Saturday was definitely one of my favorite days. I had FINALLY had some 1:1 time with my biggest-little (Twinks). We got to see a YouTuber Mom that I have been watching for some time now and was beyond excited. My Twinks was so happy to “get away from (her) annoying sisters”.. Yes, we are officially in that stage where we ruin her life on a minute to minute basis. We were halfway to the meet up when I realized I left my wallet at home. License, cards, cash money (as my mother in law says <3) .. all of it. Twinks is now at the ripe age of 10 and thinks she is a grown adult so her first response was “It’s ok Mom, just use your phone and pay with an app or let’s just go to Starbucks before we get there”. Which normally works but I actually just got a new phone on Friday and didn’t upload my payment info into my wallet yet, because I have NEVER used it like that before…. First world problems, I know. We found $7 in the car and talked about how we are going to split a Chai Tea after we pay the tolls.. literally, she is my child ❤
The day goes on and we have a nice time, laugh, eat some AMAZING pizza and meet some new people. I got to see my Twinks interact in such a mature way that my perspective of her shifted.. just like that. She is such a beautiful soul that is often times taken for granted because she is so independent. She just kind of floats in the background not to be bothered unless her sisters interact with her AT ALL and then all hell breaks loose. And I’m serious when I say, ALL HELL.

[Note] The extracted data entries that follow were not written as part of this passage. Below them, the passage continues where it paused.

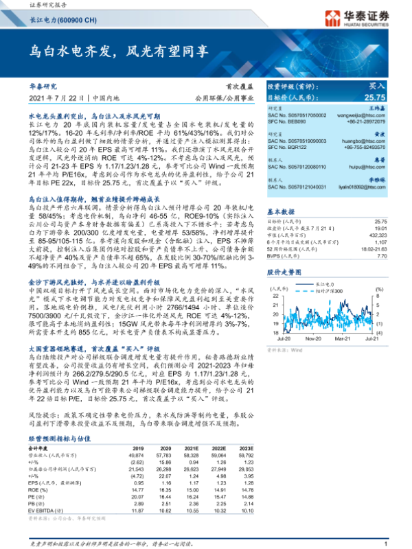 【华泰证券】【20210722】长江电力-600900.SH-乌白水电齐发,风光有望同享-28页 行业研究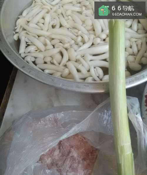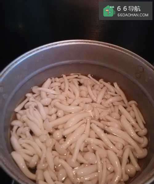 3将白玉菇放入烧开的水中,焯一会儿,去掉白玉菇的草味,然后捞出控干。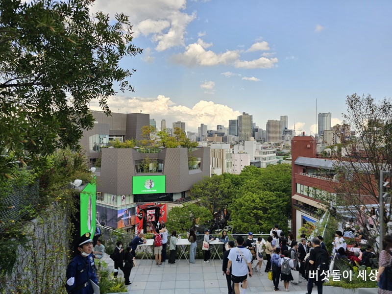 하라카도의 랜드마크로 자리잡은 7층 옥상정원입니다. 오픈 당일이라 사람들로 북적입니다. 그래도 시원한 하라주쿠 경관은 너무 매력적입니다. 건너편 오모카도 대형 전광판이 하라주쿠 거리를 더욱 화려하게 조명해주고 있어요. 밤에 오면 더욱 멋진 풍경을 체험할 수 있습니다.

What stuck in my head after spending the entire school vacation with all of those smiling faces (Why am I so sarcastic?) and getting that alone time with Twinks, is where I am stuck right now as a parent, I want to be strong and firm and raise our girls to be independent, confident and successful. But how do you do that when you are insecure yourself? How do I teach, and not screw up, 4 little girls who will soon be women, that self-love and putting yourself first should always be a priority? I mean, Mom can’t even seem to get in a 20 minute workout or remember to eat lunch..
I do realize how blessed I am but where is the line of doing for yourself versus being selfish? And when do you just take a hit, drink the floaters in your water while your oldest laughs at you because your middle- little is staring at you and you can’t disappoint her because she finally is grasping the concept of sharing?? Lord.. maybe the Priest was onto something when he gave us so much Holy Water on Sunday … He took one look at me chasing my littlest-little (GG) around the church and I bet you he shook his head and said the “Our Father” a couple extra times that night.